▸ What is being asked: Print the data below exactly as it stands, and keep the pictures out.

[Items from a dataset]
BEGIN
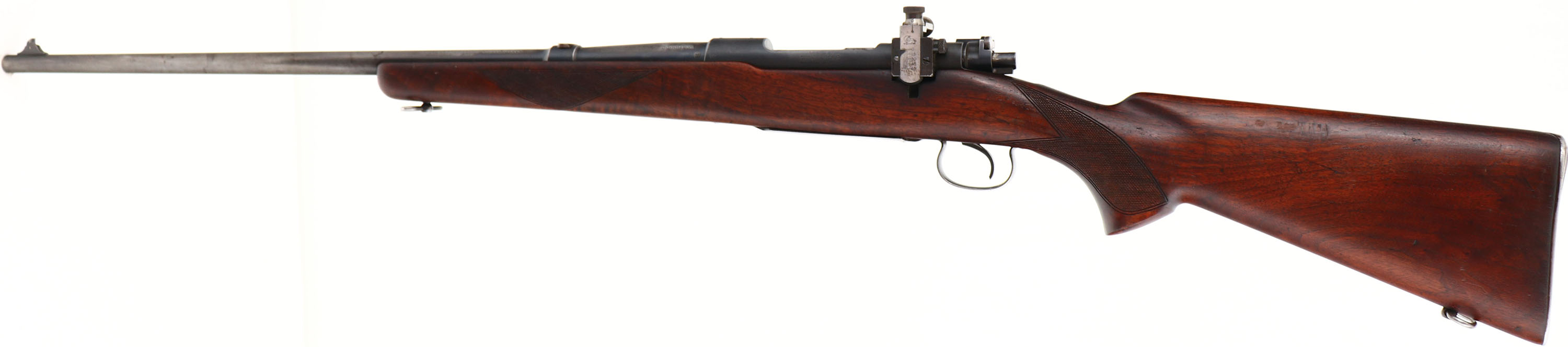 Winchester Model 54, CAL: .30 GOV'T'06., MFG: 1931, SN: 35168A, Bolt Action Rifle, 24'' barrel. The model 54 was the first successful civilian bolt action for Winchester. They are fairly rare model with total production of just over 50,000 in all variations from 1925 to 36. The original checkered & flat pistol grip wood stock on this example is very good, with several minor contusions, scrapes & scratches to the original finish, which has darkened from use & added oils. The original metal blue finish rates 80% on the receiver, 20% on the barrel, while the floorplate & trigger guard have worn & been polished silver. Bore is excellent. The rifle is fitted with an adjustable Lyman 48W receiver sight, while the barrel has a blank filled rear dovetail & pinned blade front sight. Some wood alteration around the Lyman receiver sight. Buttstock carries the original serrated metal buttplate. Sling loops. A good example of a rare early Winchester bolt action. FFL or C&R Req - Value: 1000 to 2000
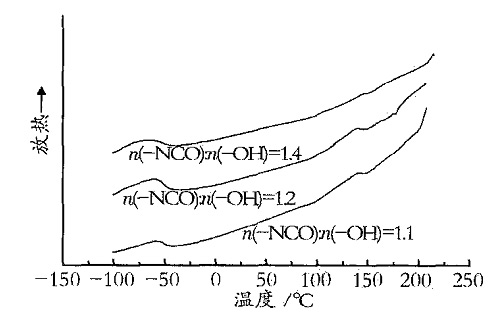 圖 3 為不同 n ( — NCO) ∶ n ( — OH) 比值的水性聚氨酯樣品 DSC 譜圖。
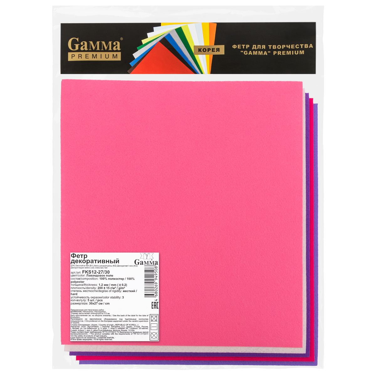 Фетр Gamma Premium FKS12-27/30 декоративный 1.2 мм 27 см х 30 см 5 шт Лавандовое поле. В интернет-магазине АВАНТИ широкий ассортимент товаров, быстрая доставка и регулярные скидки.
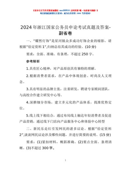 / 2024年浙江国家公务员申论考试真题及答案-副省卷
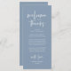 Teilen Sie die Liebe und zeigen Sie Ihre Wertschätzung für Ihre Gäste, wenn sie sich an ihrem Platz und lesen Sie dieses personalisierte bezaubernde staubblaue Thema danke Ihnen Platzkarte (Willkommen und danke). Es ist eine wunderbare Art, Ihre Feier zu starten! Diese Karte ist sicher, den Ton für ein unvergessliches Ereignis Set. Die Dankeschön-Karte bietet modernes Design-Drehbuch-Thema, das Ihrem Fest eine Touch zeitloser Eleganz verleiht. Designed by TeeshaDerrick
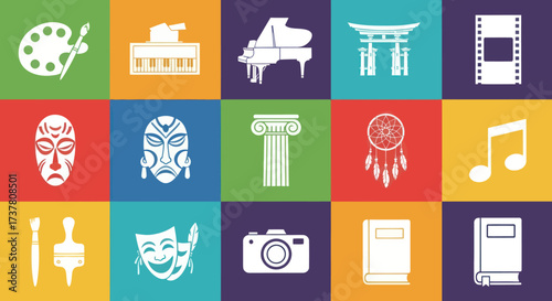 Diverse Art and Culture Icons Grid: Painting, Music, Theater, and Traditional Masks, Flat Vector Elements, Vector Illustration, Simple Vector, Stylized Vector Drawing, Vector Template, Clean Vector
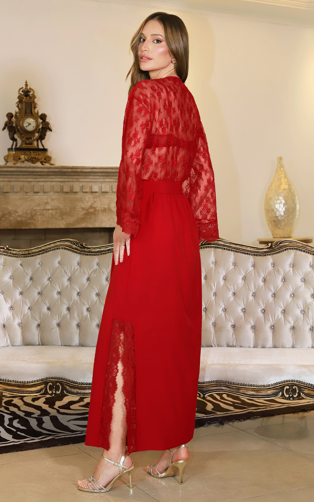 Destaque da coleção, criada para unir luxo, conforto e movimento em um design que valoriza a silhueta feminina com maestria.A frente inteira em hi-multi elastano garante caimento perfeito, enquanto o jogo de materiais cria contrastes estratégicos de textura e transparência, ressaltando as curvas de forma delicada . Aberturas cuidadosamente posicionadas nas laterais adicionam um toque de sensualidade sem perder a sofisticação.As mangas e as costas até a cintura são em Laise transparente e delicada e conferem leveza e movimento à peça. O acabamento na parte da frente, nas mangas e nas fendas laterais são em renda e mantém o design harmonioso e elegante, reforçando a atenção aos detalhes característicos da coleção.
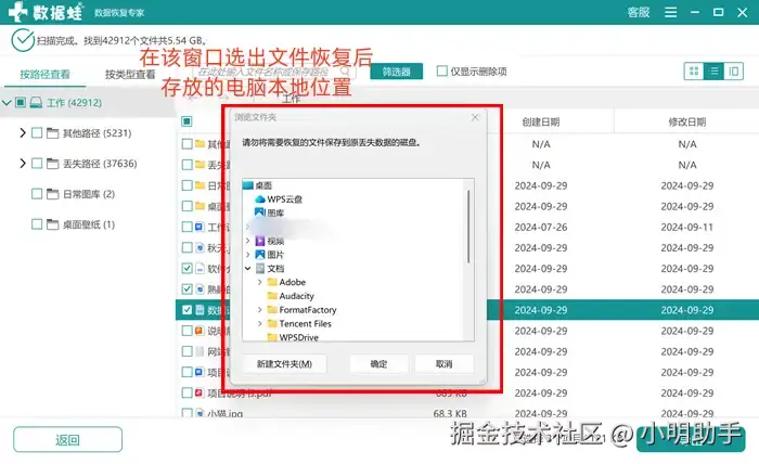 步骤3: 在【浏览文件夹】中,选择自己的文件恢复之后可以存放的位置,选好后点击【确定】。
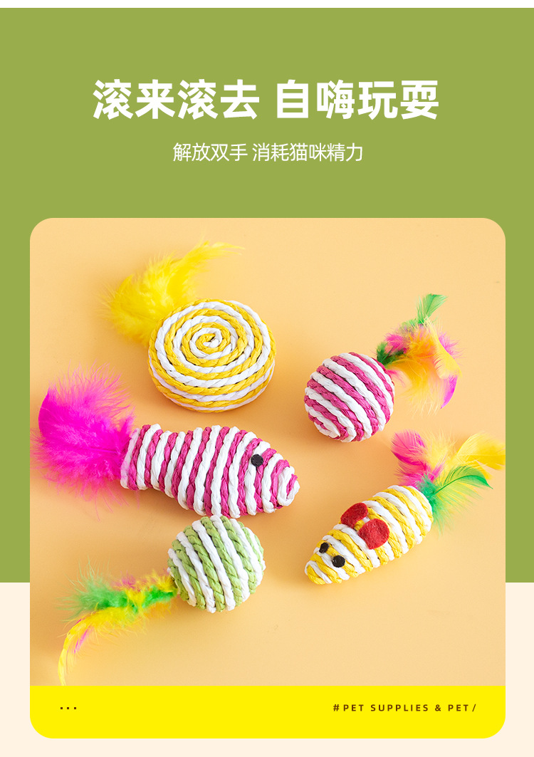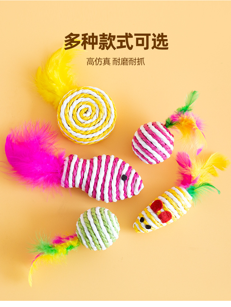 Nuevos juguetes para gatos, bolas de cuerda de papel, plumas de ratón, alivia el aburrimiento
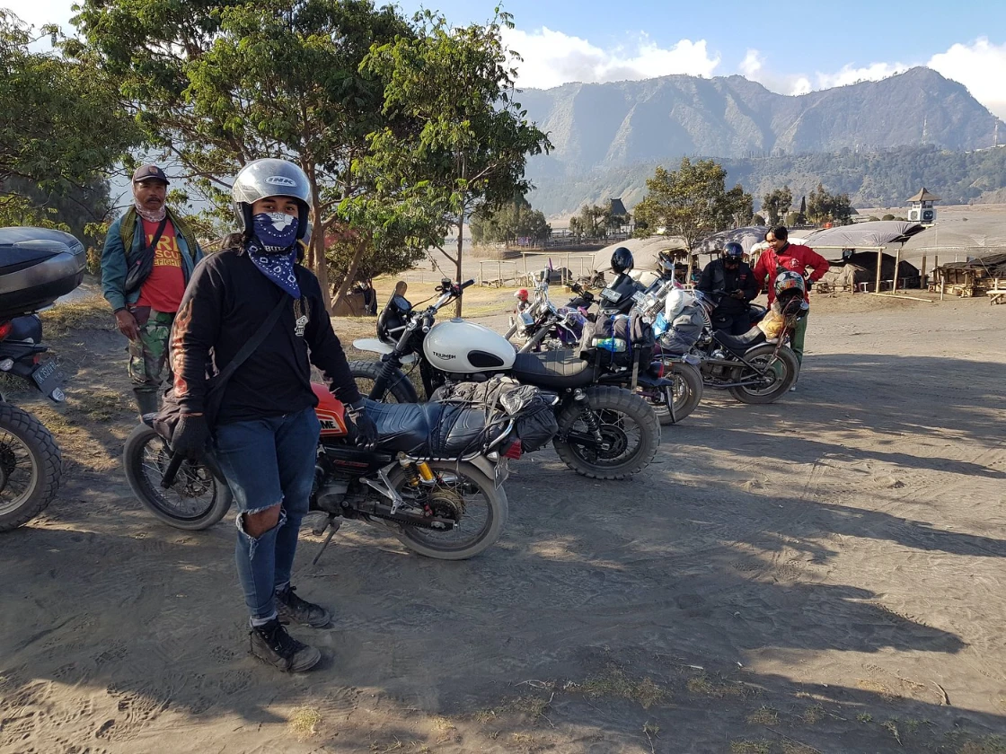 This guided tour combines coastal riding, high mountain passes, traditional Sasak culture and hidden viewpoints. Riders cross the Lombok Strait by ferry before exploring the island’s northern coastline, the slopes of Mount Rinjani, remote southeastern peninsulas and the rolling hills of the southern coast.
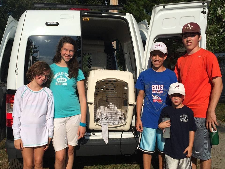 One of the kids called police after spotting the injured swan and then the kids, along with some kayakers, helped lure the swan with food to the animal control officer, according to Arlington Police.
END
▸ Response to this task:
 Winchester Model 54, CAL: .30 GOV'T'06., MFG: 1931, SN: 35168A, Bolt Action Rifle, 24'' barrel. The model 54 was the first successful civilian bolt action for Winchester. They are fairly rare model with total production of just over 50,000 in all variations from 1925 to 36. The original checkered & flat pistol grip wood stock on this example is very good, with several minor contusions, scrapes & scratches to the original finish, which has darkened from use & added oils. The original metal blue finish rates 80% on the receiver, 20% on the barrel, while the floorplate & trigger guard have worn & been polished silver. Bore is excellent. The rifle is fitted with an adjustable Lyman 48W receiver sight, while the barrel has a blank filled rear dovetail & pinned blade front sight. Some wood alteration around the Lyman receiver sight. Buttstock carries the original serrated metal buttplate. Sling loops. A good example of a rare early Winchester bolt action. FFL or C&R Req - Value: 1000 to 2000
 圖 3 為不同 n ( — NCO) ∶ n ( — OH) 比值的水性聚氨酯樣品 DSC 譜圖。
 Фетр Gamma Premium FKS12-27/30 декоративный 1.2 мм 27 см х 30 см 5 шт Лавандовое поле. В интернет-магазине АВАНТИ широкий ассортимент товаров, быстрая доставка и регулярные скидки.
 / 2024年浙江国家公务员申论考试真题及答案-副省卷
 Teilen Sie die Liebe und zeigen Sie Ihre Wertschätzung für Ihre Gäste, wenn sie sich an ihrem Platz und lesen Sie dieses personalisierte bezaubernde staubblaue Thema danke Ihnen Platzkarte (Willkommen und danke). Es ist eine wunderbare Art, Ihre Feier zu starten! Diese Karte ist sicher, den Ton für ein unvergessliches Ereignis Set. Die Dankeschön-Karte bietet modernes Design-Drehbuch-Thema, das Ihrem Fest eine Touch zeitloser Eleganz verleiht. Designed by TeeshaDerrick
 Diverse Art and Culture Icons Grid: Painting, Music, Theater, and Traditional Masks, Flat Vector Elements, Vector Illustration, Simple Vector, Stylized Vector Drawing, Vector Template, Clean Vector
 Destaque da coleção, criada para unir luxo, conforto e movimento em um design que valoriza a silhueta feminina com maestria.A frente inteira em hi-multi elastano garante caimento perfeito, enquanto o jogo de materiais cria contrastes estratégicos de textura e transparência, ressaltando as curvas de forma delicada . Aberturas cuidadosamente posicionadas nas laterais adicionam um toque de sensualidade sem perder a sofisticação.As mangas e as costas até a cintura são em Laise transparente e delicada e conferem leveza e movimento à peça. O acabamento na parte da frente, nas mangas e nas fendas laterais são em renda e mantém o design harmonioso e elegante, reforçando a atenção aos detalhes característicos da coleção.
 步骤3: 在【浏览文件夹】中,选择自己的文件恢复之后可以存放的位置,选好后点击【确定】。
 Nuevos juguetes para gatos, bolas de cuerda de papel, plumas de ratón, alivia el aburrimiento
 This guided tour combines coastal riding, high mountain passes, traditional Sasak culture and hidden viewpoints. Riders cross the Lombok Strait by ferry before exploring the island’s northern coastline, the slopes of Mount Rinjani, remote southeastern peninsulas and the rolling hills of the southern coast.
 One of the kids called police after spotting the injured swan and then the kids, along with some kayakers, helped lure the swan with food to the animal control officer, according to Arlington Police.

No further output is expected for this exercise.